Hervé
Beurel

UP . 11.09.2025

L'image au défi

Texte d'Étienne Hatt, artpress 473, janvier 2020

Qu’est-ce qu’une image ? Pour tenter de répondre à cette question, on pourrait lire bien des livres. On pourrait aussi se contenter de regarder une photographie, par exemple celle-ci, issue de la série Sans laisser de trace (2013) d’Olivier Amsellem. Elle montre un mur qui, un temps couvert d’images, n’est plus aujourd’hui animé que par leurs empreintes et des restes de ruban adhésif. Ces traces sont

plus ou moins claires et plus ou moins nettes, elles se superposent et renvoient à des temporalités différentes. Mais toutes montrent en négatif qu’une image, avant d’être un sujet, est d’abord un cadre et un support, donc un objet. Produire une image, c’est cadrer dans le réel ou l’imaginaire, dans le figuratif ou l’abstrait, et faire de cet extrait une réalité tangible.
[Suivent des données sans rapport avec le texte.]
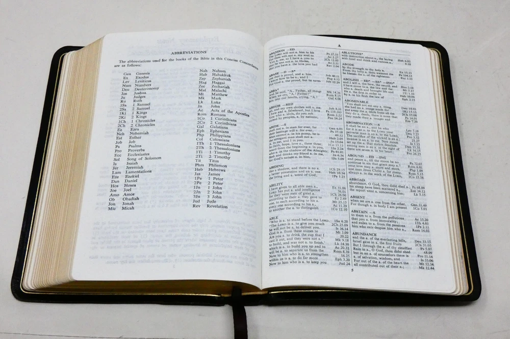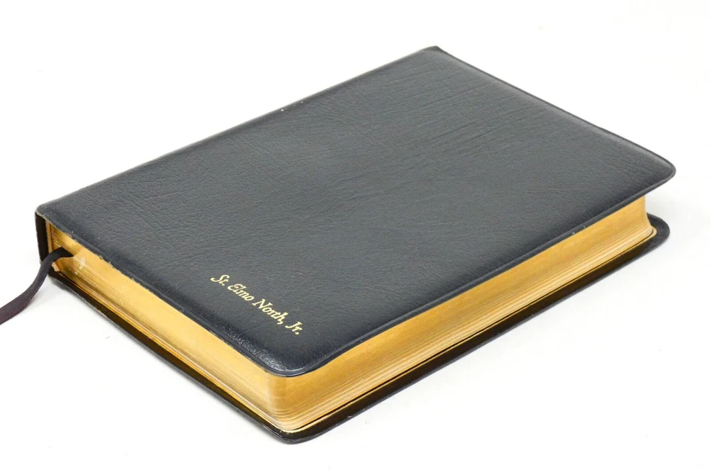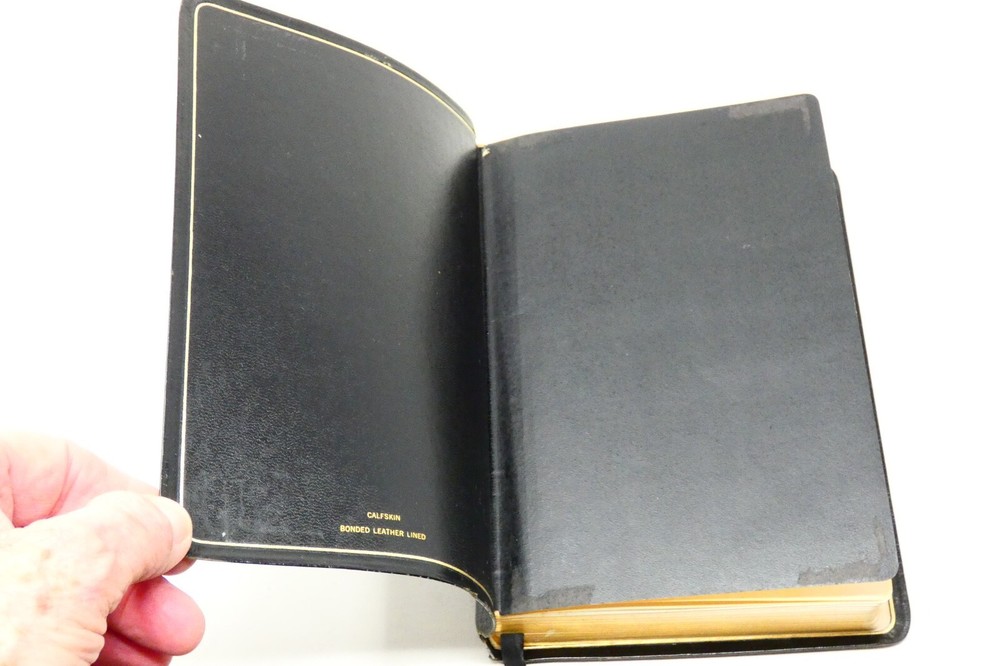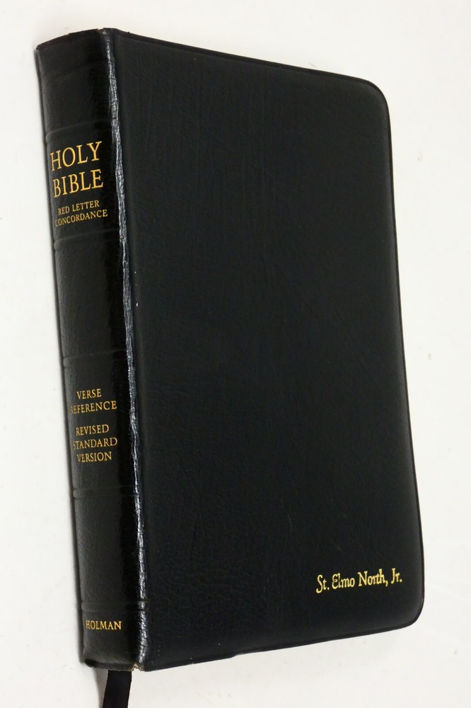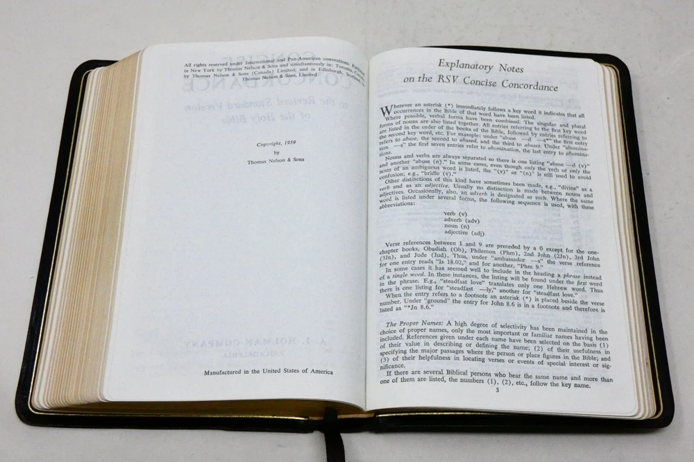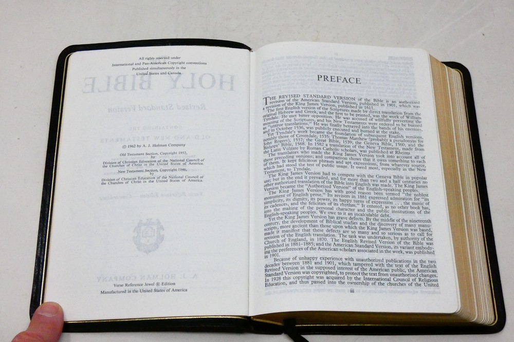 Holman Holy Bible Revised Standard Version Verse Reference Jewel Edition Bible (1962) Red Letter ~ Concordance Black Calfskin Cover, Bonded Leather Lined Good preowned condition: NOTE, a name is imprinted in gold on the front cover. Otherwise, the Bible is free of writing. The binding is solid, and the leather cover is in good condition.
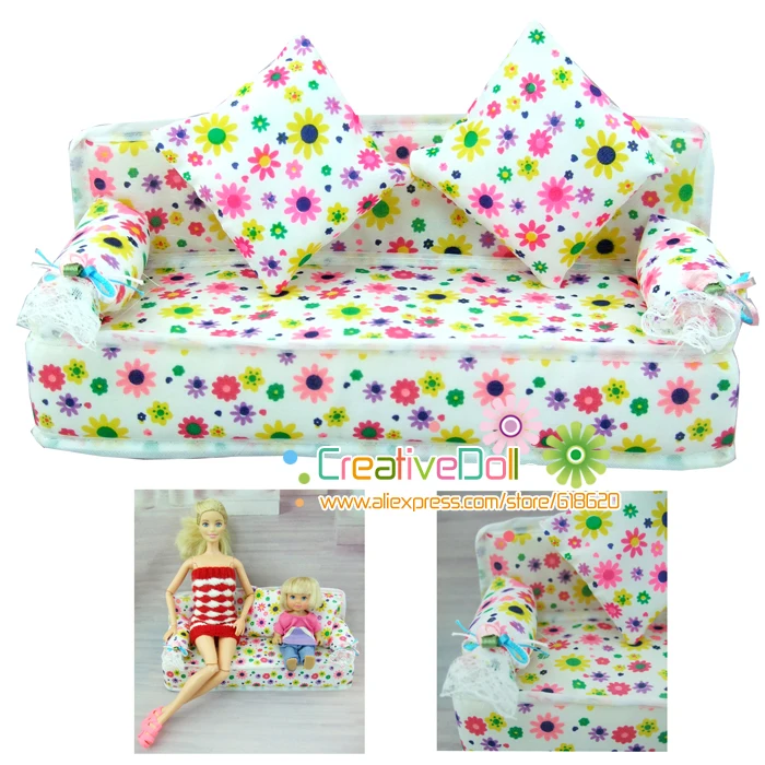 Gallery of Funny toys for baby girls play house toys Mini Dollhouse Furniture Flower soft sofa with cushions doll house for barbie doll
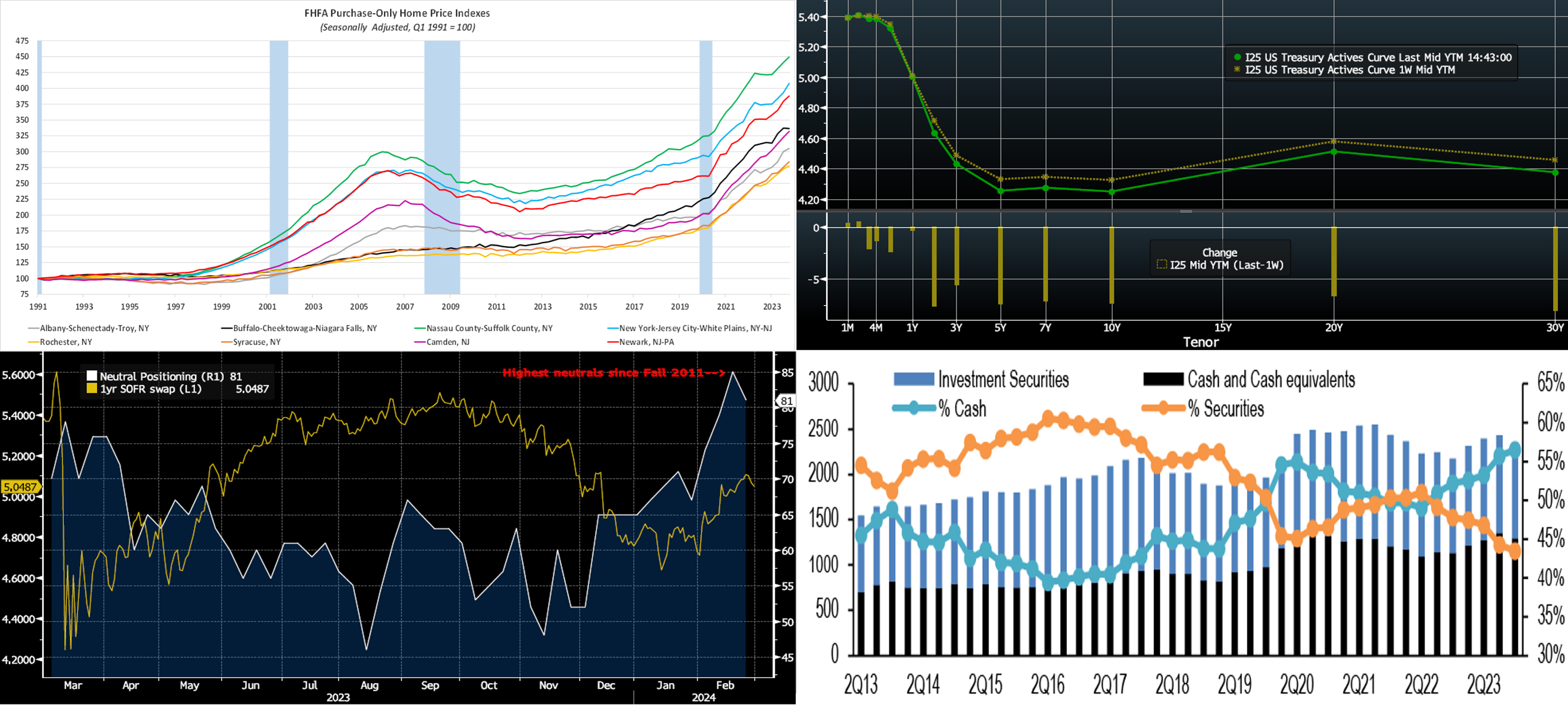 Source: FHFA; FHLB-NY. Note: Blue shaded areas denote recessions. Home selling prices continued to climb across virtually all major metropolitan areas within the FHLB-NY district during the final quarter of 2023. The average price increase witnessed over the October-December span was 2.1%, down from 3.3% over the summer. Over the course of last year, home prices rose by 10.2% on average, following an 8.8% gain in 2022. Enjoying a hefty 13% jump, the Camden, NJ area recorded the largest increase in home-selling prices in 2023. At a comparatively modest 6.7%, Nassau and Suffolk counties posted the smallest. Over the past three years, canvassed areas within the FHLB-NY coverage area have seen home prices rise at an annual rate of 10.8% on average. Likely helping to support prices has been the multi-decade low levels of existing home inventories in recent years, although inventories have risen off the lowest levels of roughly two years ago. Also, note that mortgage rates fell markedly in Q4 2023 from a high of ~7.90% in mid-October to ~6.75% in late-December.
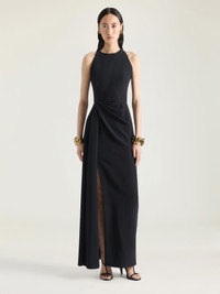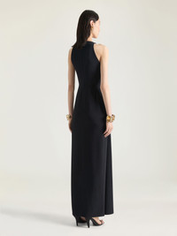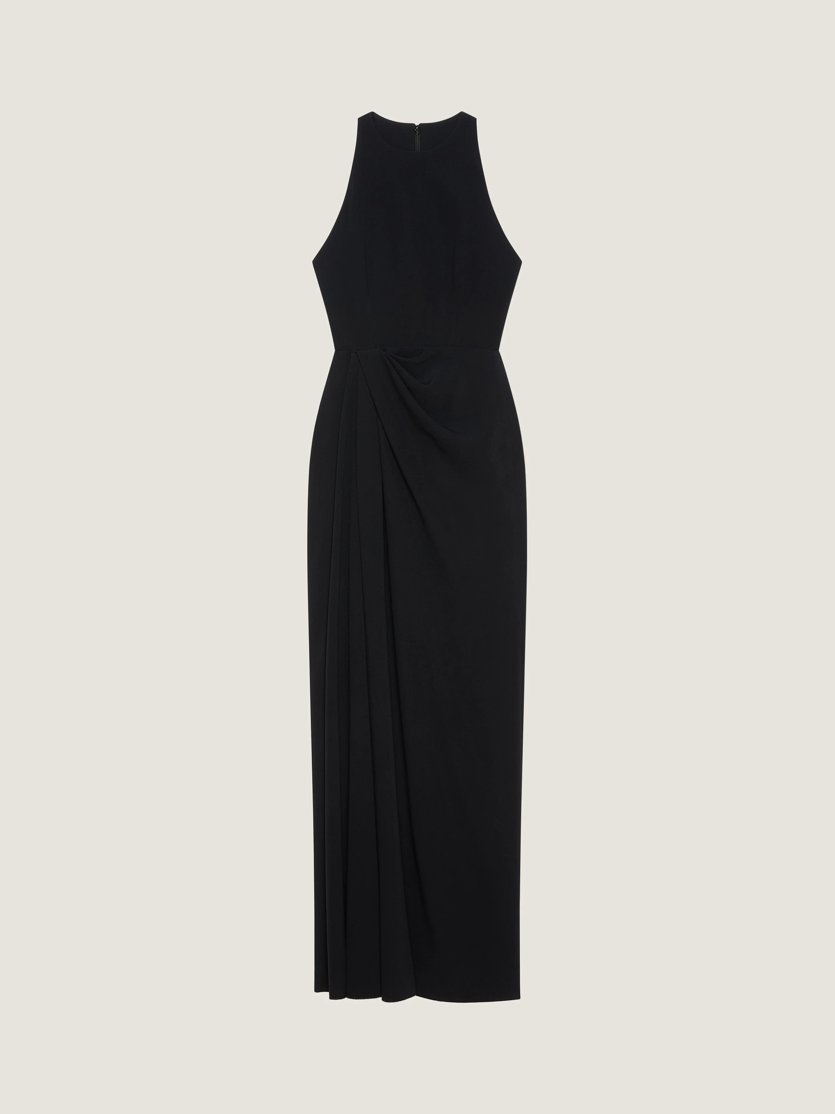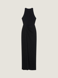 - Long sleeveless evening dress in crepe cady. - Halter neck. - Draped. - Sliced slash detailing on the front. - Invisible zipped closure on the back. - Model measures 5.8 Feet and wears a size 36.
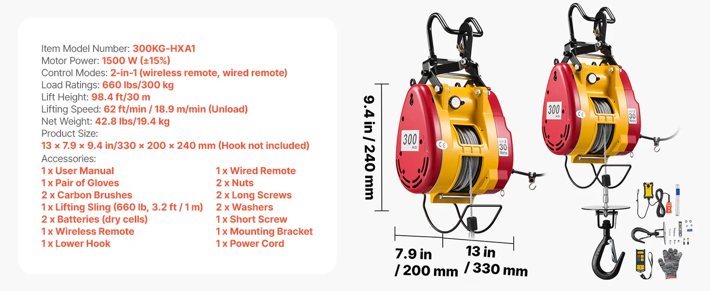VEVOR 2-in-1 Electric Hoist Winch, 300 kg Capacity, 1500W Portable Power Winch Crane, 30 m Lifting Height, 18.9 m/min with Wired and Wireless Remote Control for Factory, Warehouss, Garage
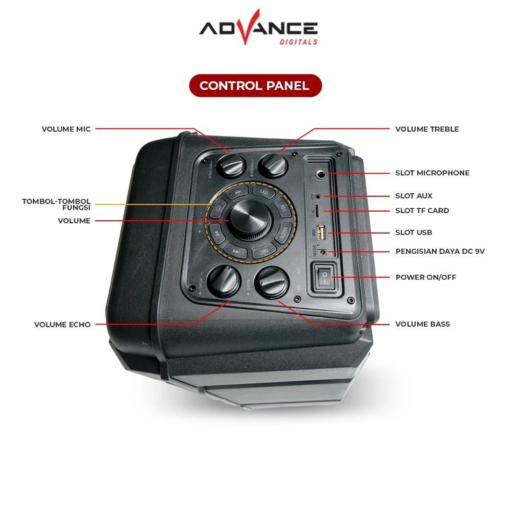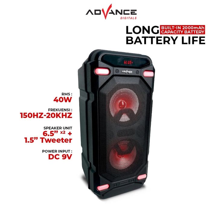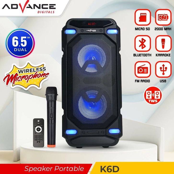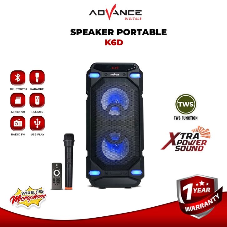 ADVANCE K6D SPEAKER BLUETOOTH HIFI KARAOKE WIRELESS PORTABLE SUPER BASS AKTIF BONUS MIC WIRELESS
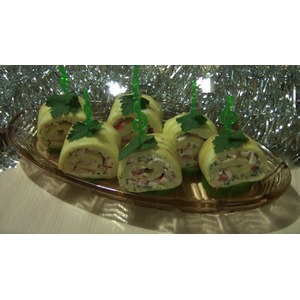 Описание: Быстрые, нежные и вкусные рулетики на праздничный стол. Готовится такая закуска просто, а ингредиенты доступные и бюджетные! Попробуйте, очень вкусно!
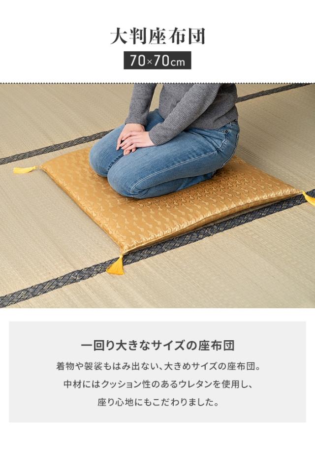 【値下げ】座布団 和室 大判 70×70cm 和柄 仏前 法事 お盆 畳用 1人用 ウレタン クッション 軽量設計 撥水加工 省スペース

LA REPRÉSENTATION EN QUESTION

Deux travaux permettent d’étayer cette approche matérialiste de I’image qui insiste sur ses caractéristiques physiques et structurelles. Le premier est Collection publique d’Hervé Beurel. Commencée en 2003, cette série au long cours présente des compositions géométriques évoquant l’art abstrait français d’après-guerre. Il ne s’agit pourtant pas de peintures anachroniques mais de photographies de décors muraux d’immeubles construits dans les années 1960-80 que Beurel a cadrés — et éventuellement retouchés afin d’effacer des détails qui en perturbent l’homogénéité — pour les extraire de leur contexte et en faire des tableaux. Collection publique confirme le rôle du cadrage dans le travail de Beurel qui a, à plusieurs reprises, utilisé l’appareil photographique pour sectionner le réel et tendre vers l’abstraction.

Le second est Vacances rupestres d’Olivier Crouzel. Réalisée en 2009 en projetant des photographies de vacances à la plage sur les parois extérieures de la grotte ornée des Combarelles, en Dordogne, cette série repose sur le contraste entre la légèreté des images, dans tous les sens du terme, et la matière de la paroi lestée du poids des millénaires. Sensible au moment de la projection qui est partie intégrante de l‘œuvre, cette dimension symbolique devient concrète lorsque l‘on se trouve face aux photographies que Crouzel en a tirées. Il a joué des anfractuosités de la roche mais aussi de la végétation pour donner de la matière, et aussi un aspect ancien, à ses instantanés qui en semblaient dépourvus. S’interroger sur la notion d’image justifie ainsi que l’on pointe ses composantes matérielles. Cela permet de la distinguer de l’image mentale et de la rapprocher de la notion anglaise de picture. Malheureusement sans équivalent en français, cette dernière nuance le terme image qui, toujours en anglais, désigne avant tout une représentation, hors de ses conditions matérielles. Peut-on pour autant évacuer la question de la représentation, qu’il s’agisse d’un véritable sujet ou d’un simple motif abstrait ? En d’autres termes, une banale planche de bois, qui est aussi à sa manière un cadre et un support, peut-elle être une image ?

LES SEUILS DE L’IMAGE

C’est la question que semble poser Sébastien Maloberti. Sur des planches usagées, ce dernier pratique des impressions si diaphanes qu’elles ne sont pas toujours perceptibles. Certaines comprennent des signes géométriques, parfois des photographies, mais d’autres se réduisent à des faisceaux ou à des halos à peine colorés, voire à des traces issues d’autres planches. L’artiste dégrossit et blanchit ses supports, mais guette les accidents d’impression qui laissent des marques aléatoires. Pour I’un des Sans titre (2014) présentés dans l’exposition La Fille de l’air à Bikini, à Lyon, en 2015, Maloberti s’est même contenté de laisser une planche traitée à la résine acrylique et à la javel prendre le soleil tout un été sur le toit de son atelier, pour un résultat que I’œil a du mal à distinguer. En 2016, à la Galerie municipale de Tuttlingen, en Allemagne, dans l’exposition Nouvelle coutume, l’œuvre The New Custom’s Day est une plaque d’aluminium gravée partiellement et légèrement peinte au spray afin qu’elle évoque un calendrier mural. La partie basse dessine.